(RECORDS PROVIDED Opens)
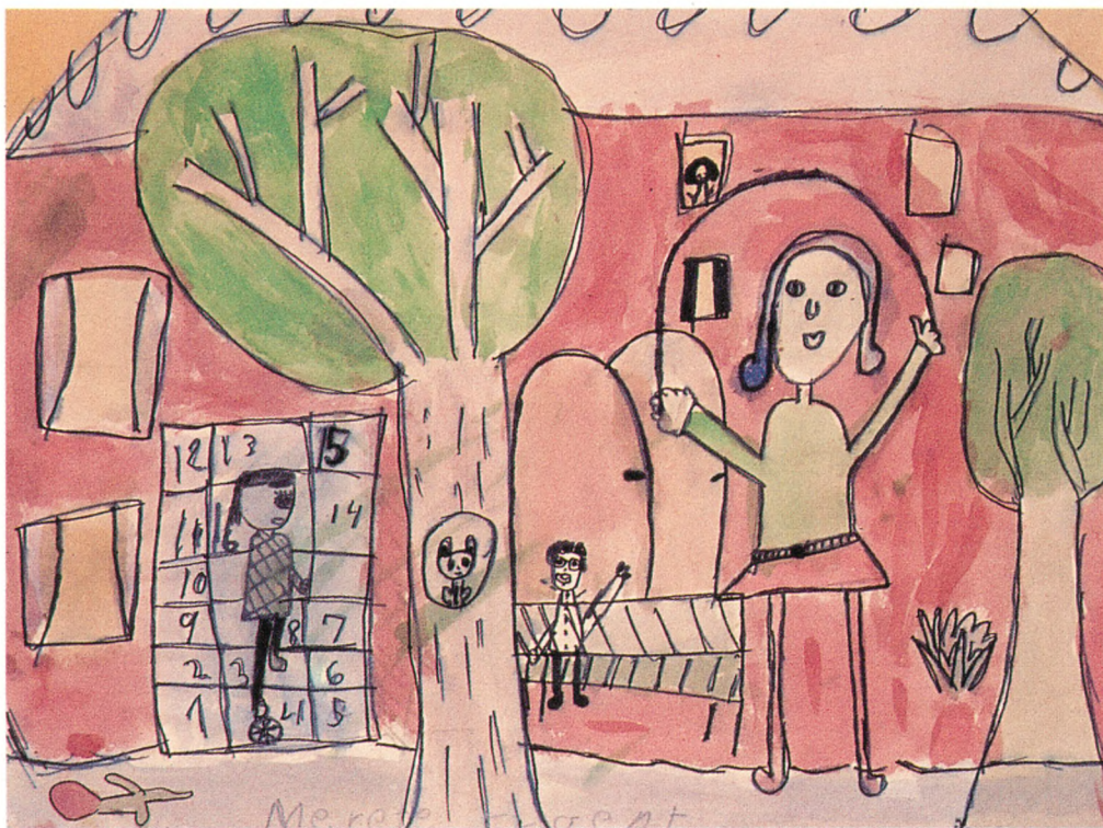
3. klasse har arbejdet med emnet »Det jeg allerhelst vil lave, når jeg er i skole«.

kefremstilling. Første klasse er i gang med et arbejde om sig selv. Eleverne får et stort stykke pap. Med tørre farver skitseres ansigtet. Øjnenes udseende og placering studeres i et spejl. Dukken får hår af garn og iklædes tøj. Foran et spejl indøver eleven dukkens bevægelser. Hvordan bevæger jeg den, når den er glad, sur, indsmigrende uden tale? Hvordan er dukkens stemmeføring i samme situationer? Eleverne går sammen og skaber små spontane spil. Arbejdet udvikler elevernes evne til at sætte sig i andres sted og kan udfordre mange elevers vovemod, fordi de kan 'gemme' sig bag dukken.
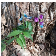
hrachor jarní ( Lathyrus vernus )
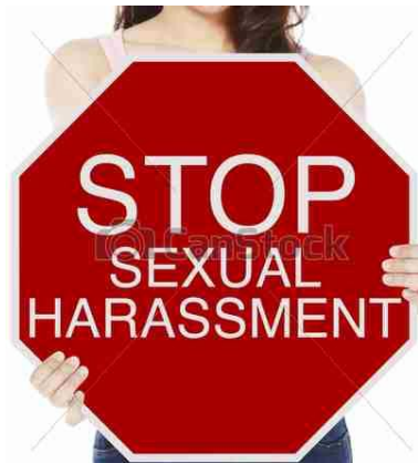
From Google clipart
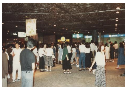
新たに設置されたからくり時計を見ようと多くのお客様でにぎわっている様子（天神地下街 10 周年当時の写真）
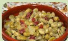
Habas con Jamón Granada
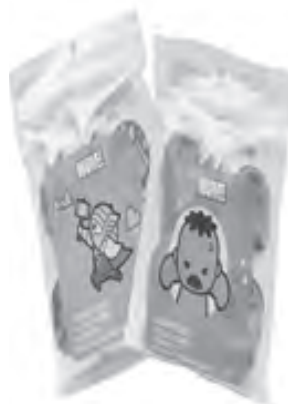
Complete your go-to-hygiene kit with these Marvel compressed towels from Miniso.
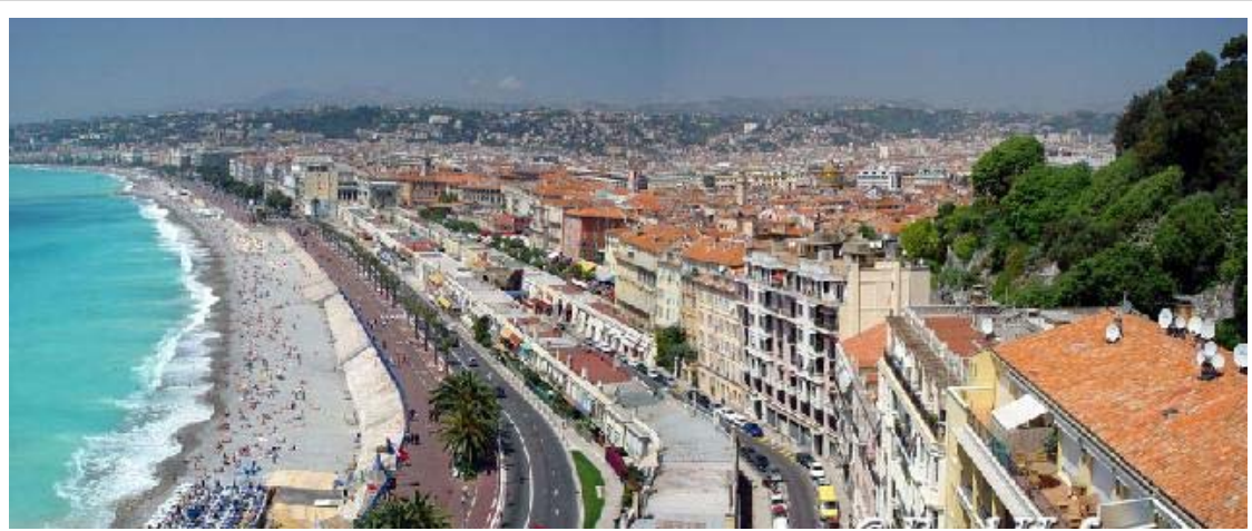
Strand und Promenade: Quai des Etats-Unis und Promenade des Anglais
(RECORDS PROVIDED Closes)
Whenever a line of the data includes the word "klasse", show that line in full.

● RESULT OF THIS TASK
3. klasse har arbejdet med emnet »Det jeg allerhelst vil lave, når jeg er i skole«.
kefremstilling. Første klasse er i gang med et arbejde om sig selv. Eleverne får et stort stykke pap. Med tørre farver skitseres ansigtet. Øjnenes udseende og placering studeres i et spejl. Dukken får hår af garn og iklædes tøj. Foran et spejl indøver eleven dukkens bevægelser. Hvordan bevæger jeg den, når den er glad, sur, indsmigrende uden tale? Hvordan er dukkens stemmeføring i samme situationer? Eleverne går sammen og skaber små spontane spil. Arbejdet udvikler elevernes evne til at sætte sig i andres sted og kan udfordre mange elevers vovemod, fordi de kan 'gemme' sig bag dukken.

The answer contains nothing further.